これは、ナツキ・スバルの記憶の再体験だ。

 

おかしいと思った、この世のどんな手段を使ってもゲマトリア以外の存在が混沌の領域に足を踏み入れられるのは、『例の箱』か『死』に関連する神性を有する者のみ。

次元や時間、実在の有無が確定しない混沌の領域で何も持たない囚人が侵入できる訳が無い。

 

人間はいつか死ぬ、それは不変の真理──だが、それは『死』が絶対的であることが前提として律されているものであり、奴は、ナツキ・スバルは、

 

 

 

「……」

 

 

「な」

 

 

「なんっ、なんだよ…!!」

 

 

「何だよコレッ!?」

 

 

 

この世の根底を覆す、超越者。

こんな事間違っている、アレは間違った人間だ。根本的に何もかもが間違えて産まれてきた怪物、自身の消失をただの人間が受け止められる訳が無い。

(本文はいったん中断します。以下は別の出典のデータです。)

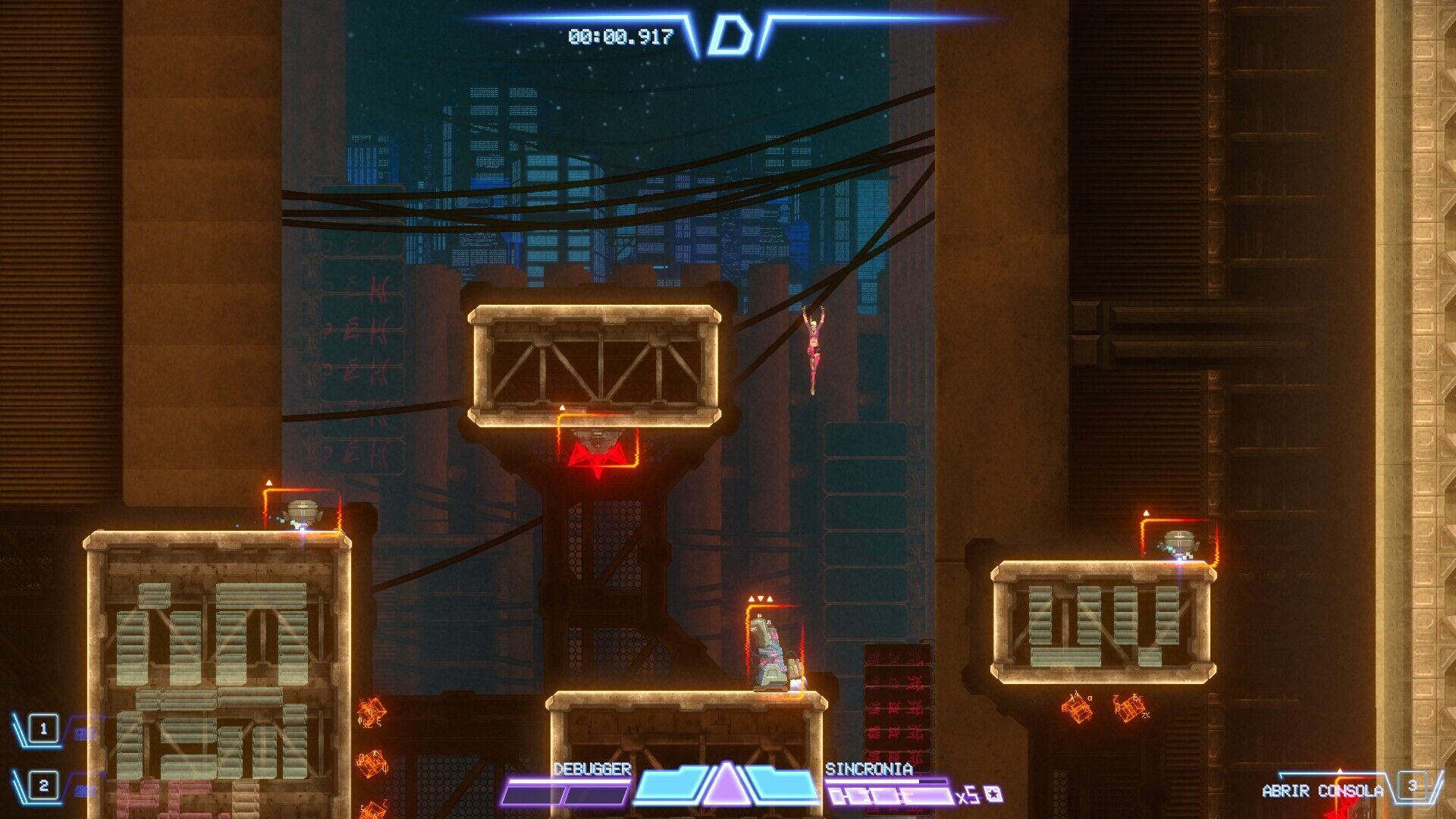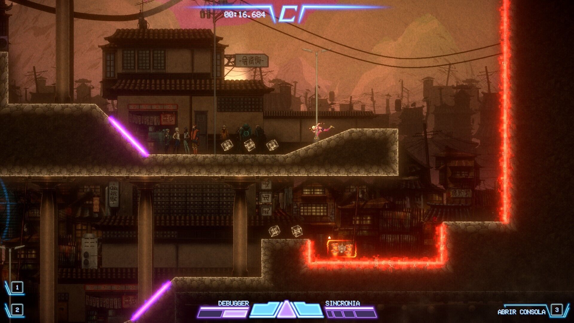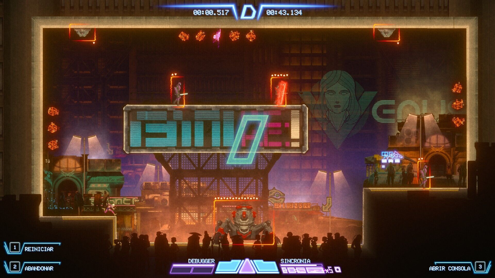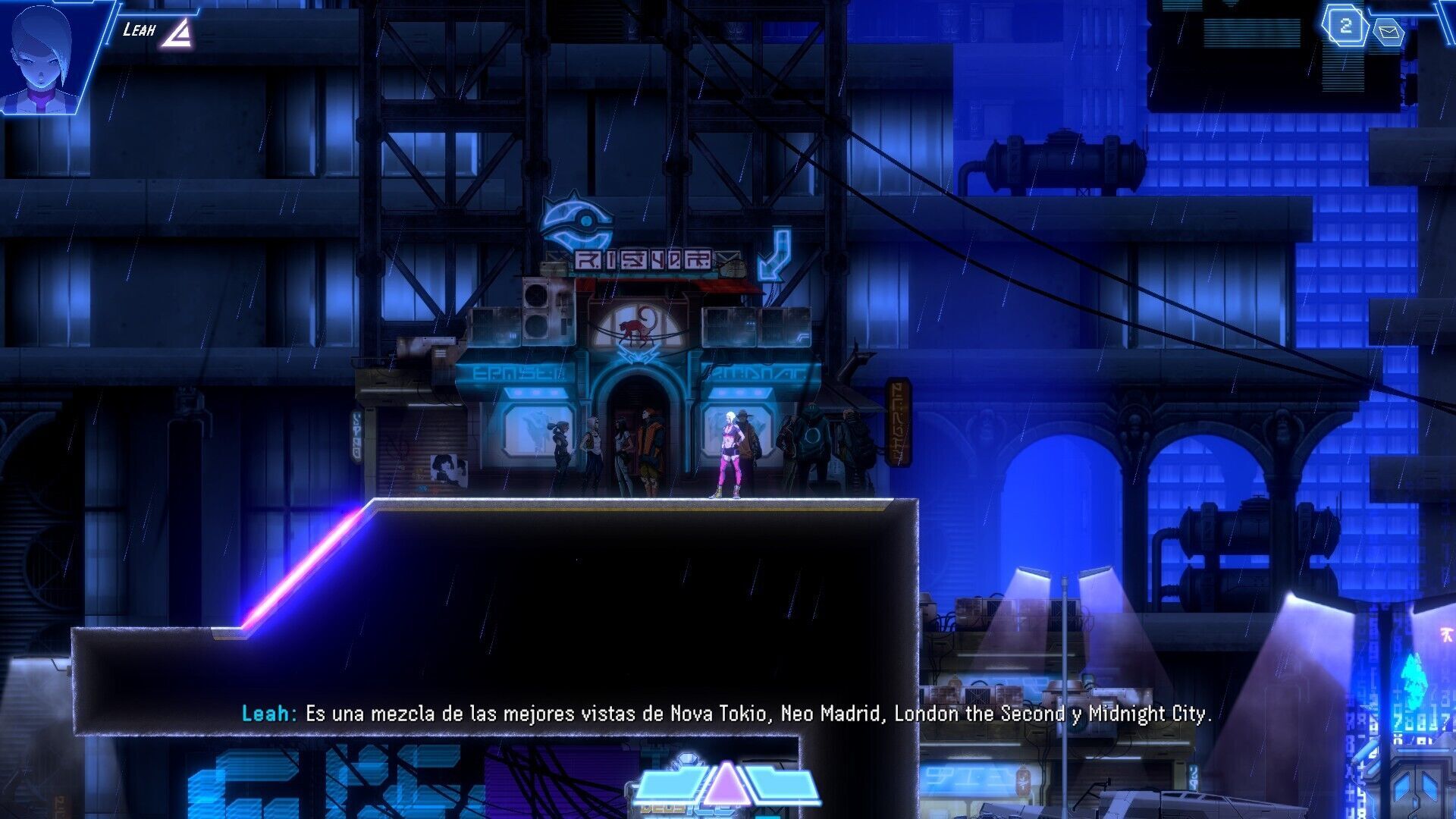 Entre sus influencias –en temática o gameplay- han citado Ghost in the Shell, Blade Runner, Blame, Sonic, Celeste, Katana Zero, Geometry Dash y Dustforce. En esencia, plataformas rápidos bajo la capa de pintura ciberpunk. Esto va acompañado de una banda sonora de Juan Ignacio Teruel Torres (Aeterna Noctis y Summum Aeterna) con el esperable toque electrónico, si bien hay melodías mucho más tranquilas para los momentos fuera de los desafíos; nos ha parecido que quizás le falta algo de más presencia, pero que no se malinterprete, es una buena banda sonora. Como curiosidad, la conocida pianista y streamer Elesky interpreta la música con una Piano Collection que también se puede escuchar dentro del juego.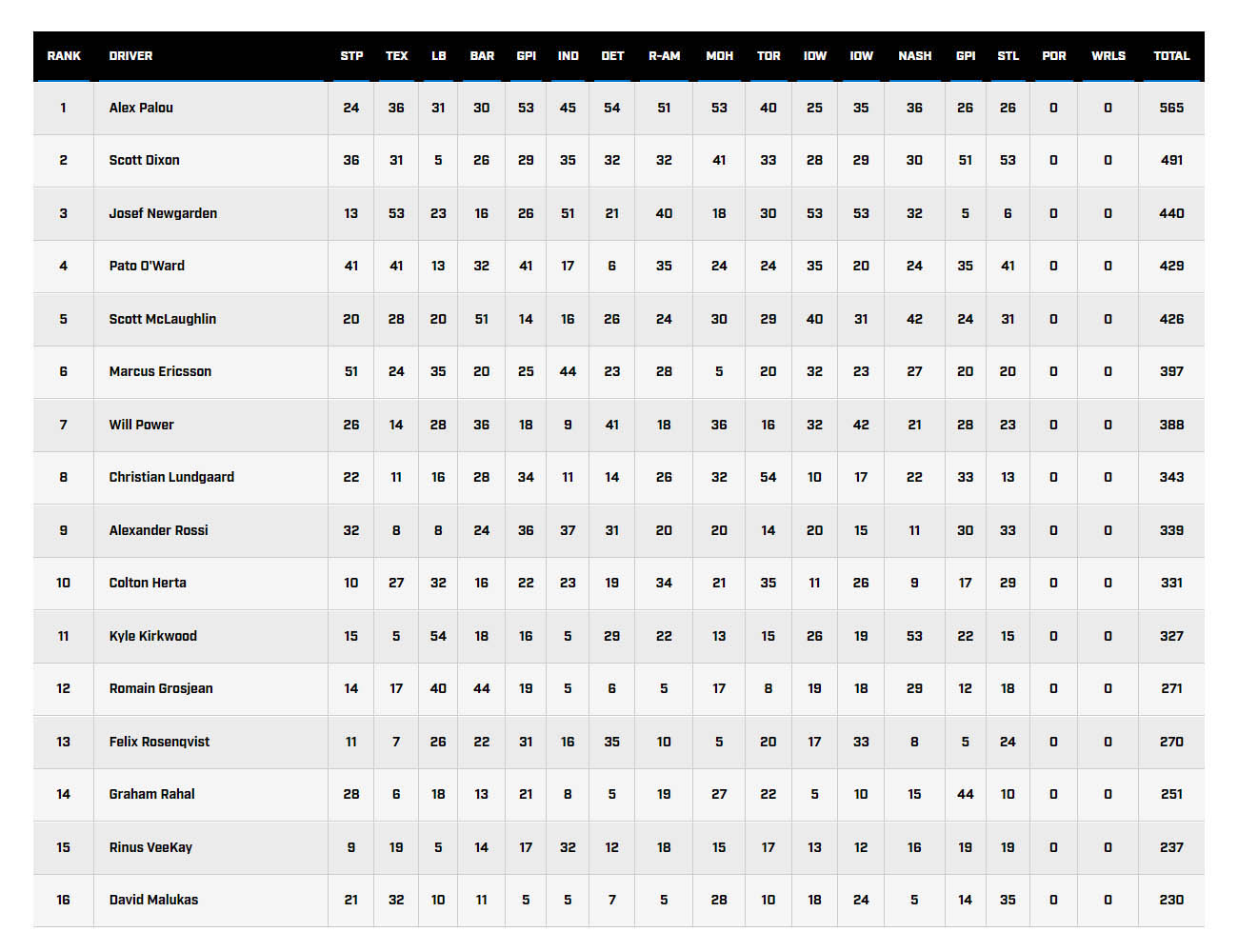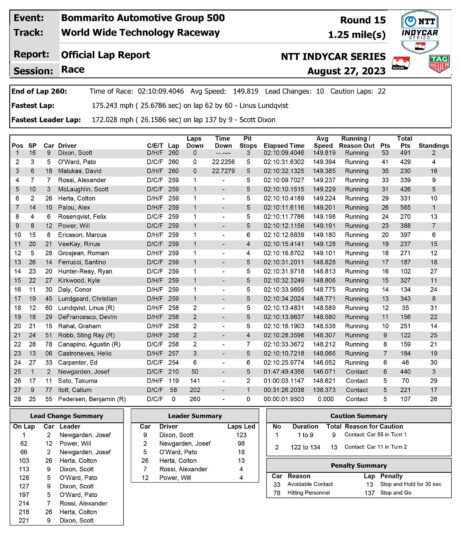 Ο Dixon επέστρεψε στην πίστα στη 10η θέση, 10 δευτερόλεπτα πίσω από τον επικεφαλής, αλλά από πλευράς στρατηγικής βρισκόταν στην καλύτερη θέση. Ο Newgarden μπήκε για τελευταία φορά στα pits με 52 γύρους να απομένουν, σε μια προσπάθεια να κάνει undercut στον O’Ward, αλλά οι McLaren του παρέμειναν στην πίστα. Καθώς ο Newgarden πίεζε για να αποκτήσει το πλεονέκτημα έναντι του O’Ward, χτύπησε στον τοίχο στη στροφή 2, και έχασε κάθε ελπίδα να διεκδικήσει τον τίτλο.

神秘を、神性を宿す生徒ですら『苦しみ』の果ては反転という末路に至るというのに。

もし、もしも、ナツキ・スバルが『死』をやり直し超越する権能以外に、なにも有さないというのであれば、己は、小生は、俺は、■■■■■は──。

 

 

 

「あいつ、あいつッッ!!」

 

 

 

ナツキ・スバルの怒りを、その身をもって味わいつくすことになる。

千を超える、壮絶な死を。

 

 

 

『やめろ』

 

 

 

「──あグッ…おぁ…」

 

 

「ぁぐッ…──クソ…!」

 

 

 

『やめろ』

 

 

 

「クソッ、クソっ、クソッッ!!」

 

 

 

『嫌だ!!やめろ!!!』

 

 

 

目の前に、黒い球体が落ちてくる。

 

 

最期に視界に捉えたモノを眺めながら。

 

 

 

『嫌だぁぁぁっッッ!!!』

 

 

 

ナツキ・スバルの瞳の水分が蒸発する。

 

 

 

『ひぃ゛ぁ゛……──ぁ』

 

 

 

三度目の死を、スローモーションになった世界で存分に味わいながら、その最期の瞬間。

自身に降りかかる苦痛の原因を探し、こうなってしまった理由を探り、脳細胞のニューロン一つ一つが烈火のように燃え盛りながら、

 

 

 

『ぁ、ぁぁ……ぁぁぁ!!!そうか──しきさ』

 

 

 

──その日、■■■■■は何処の、誰にも気づかれることなく、自身が選択して身を隠していた空間の中で、記憶の牢獄に囚われ続け。

 

 

そしてまた、記憶の世界で『■■■■■』はこの世界から形を失った。